John Osogo (John Nikola Bwire Osogo; 1 January 1927 — 9 December 1979) was Kenyan educationist and historian.

Represents Luhya minority.

Biography 

Was born in 1927 at Port Victoria, Bukani Village, Busia District in western Kenya.

After completion his primary and secondary schools in record time, he worked as a tutor in a teacher training college before moving to Kenya Institute of Education, later he succeeded to receive scholarships in order to attend universities in Kenya, Uganda, the UK and USA.

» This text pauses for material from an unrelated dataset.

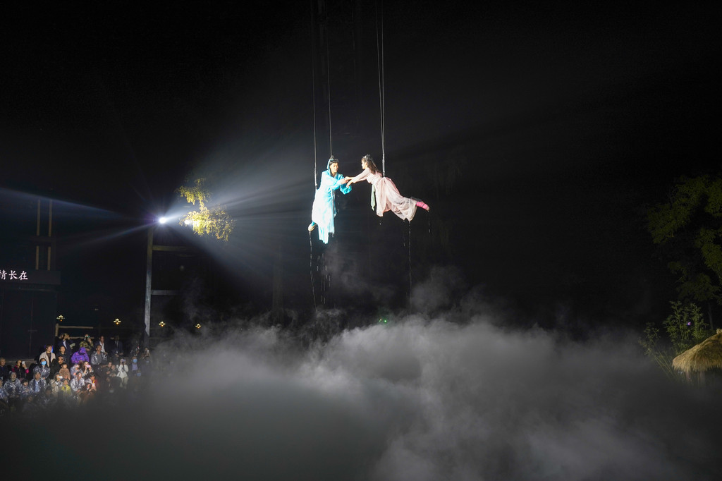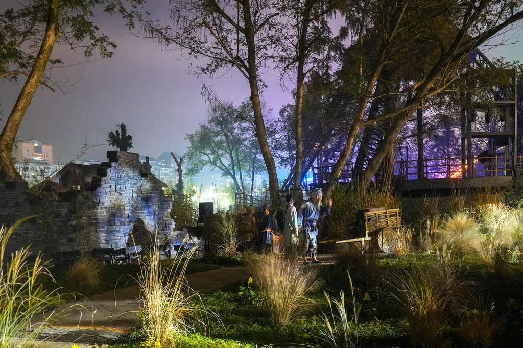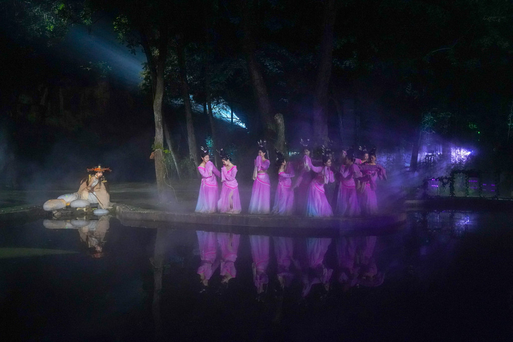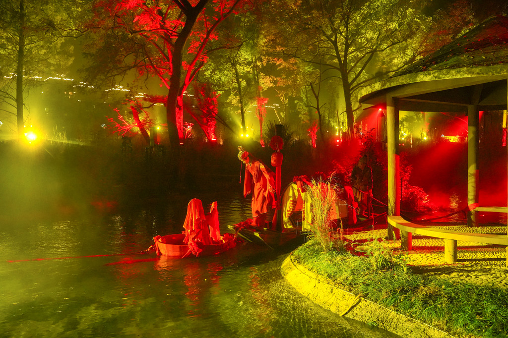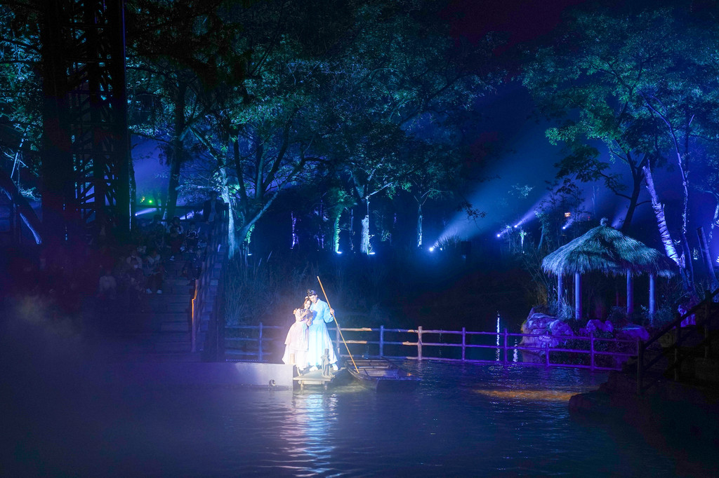 《江清月近人》是一个设置于建德月亮岛上的大型沉浸式实景演出项目,演出源于唐代诗人孟浩然著名的宿建德江诗句。通过环岛观看的方式行进的沉浸式观演,由“江、清、月、近、人”五个演区构成一台串珠分布而又相互关联的完整实景演出。

John Osogo devoted his life to investigation of Kenyan society and history of Kenyan people, particularly his own Luhya community.

Died in 1979.

Bibliography 

 Looking at East Africa: The Nineteenth Century, 1965
 Life in Kenya in the Olden Days : The Baluyia . (Nairobi : Oxford University Press), 1965
 A history of the Baluyia, 1966
 The bride who wanted a special present, and other tales from western Kenya, 1966
 A Traditional History of Kenya: Teacher's Handbook. (Longmans of Kenya), 1968
 The bride who wanted a special present, and other tales from western Kenya, 1969
 Kenya's peoples in the past : pupils' book for standard three, 1973
 Bi arusi aliyetaka zawadi maalum : na hadithi nyingine kutoka Magharibi ya Kenya, 1976
 East Africa's peoples in the past, 1977

Recognition 

In honor of John Osogo were names primary and secondary schools in his home village; his name bears also estate road in Nairobi.  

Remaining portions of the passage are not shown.